We all have been through a situation of our lifetime in the form of Covid-19 Pandemic, in these turbulent times we have witnessed unprecedented transformation across our personal & professional lives. Considering how things have transpired in the last 14 months, there will be considerable change in the way we operate and run our businesses also the way future of work would look like.

The world of work is changing. Artificial intelligence, automation, and robotics will make this shift as significant as the mechanization in prior generations of agriculture and manufacturing. While some jobs will be lost, and many others created, but almost all will change.

We all know that much work today takes place in digital rather than physical space. We use technology to interact with business processes, collect and analyse data, and draft reports; to communicate, to collaborate, and bring teams together from geographies.

The workplace will go through huge transformation in next 10 to 15 years, the adoption of automation and AI technologies will transform the workplace as people increasingly interact with intelligent digital workforce. These technologies, and that human-machine interaction, will bring numerous benefits in the form of higher productivity, improved corporate performance, and better ROI, but this will also change the skills required of human workers.
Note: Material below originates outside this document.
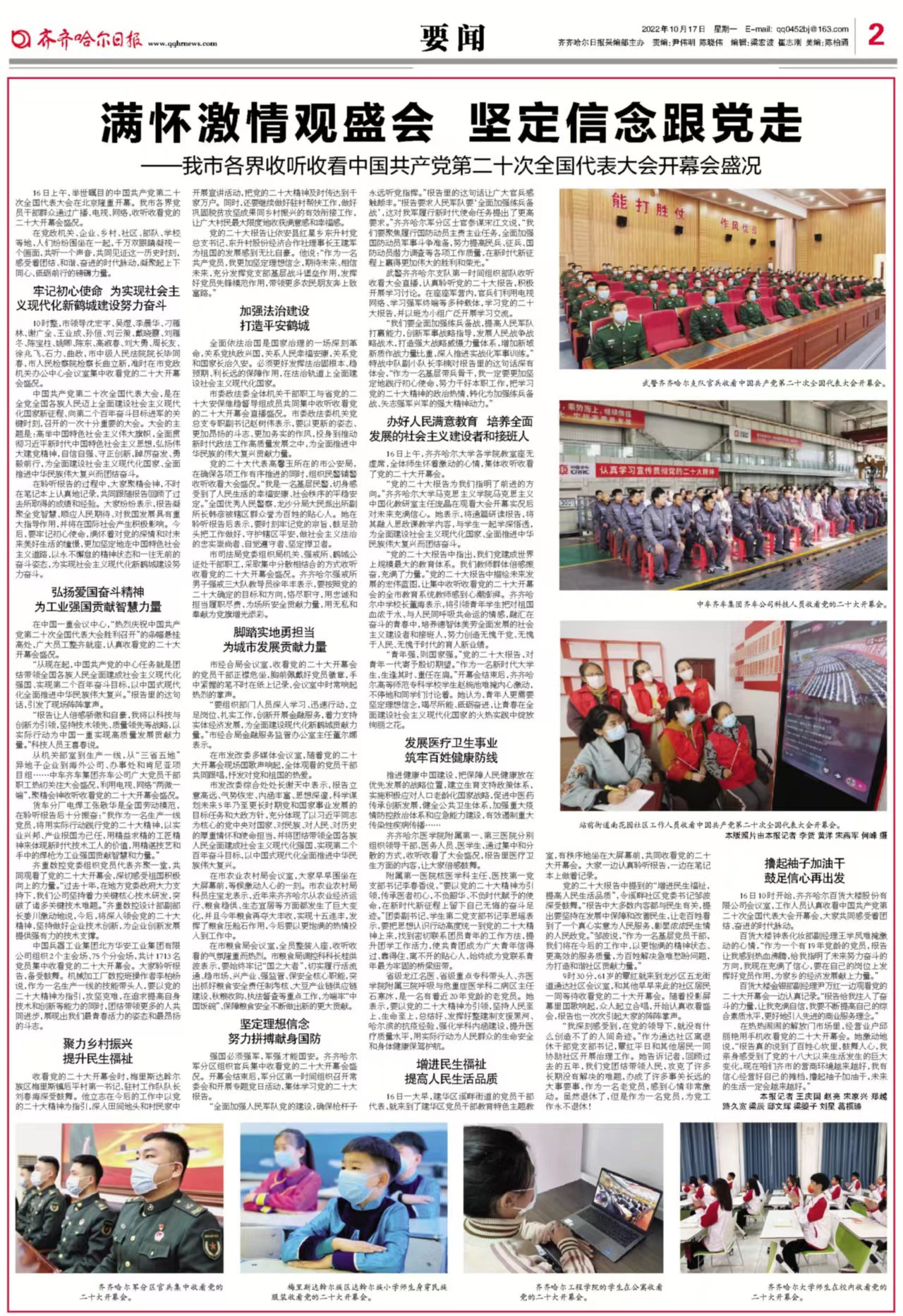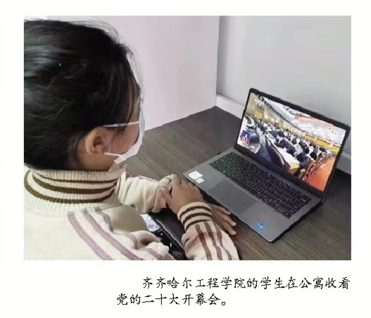 齐齐哈尔日报要闻版刊发伟德官网学生在公寓收看党的二十大开幕会电视直播照片

There will be a shift in demand toward higher cognitive skills, such as creativity, critical thinking, decision making, and complex information processing, will grow through this decade. However, work activities that require only basic cognitive skills, such as basic literacy and date entry, will decline as automation advances. The decline will be seen across all sectors as machines increasingly take over straightforward data-input tasks.

Workforce skill shifts across major sectors.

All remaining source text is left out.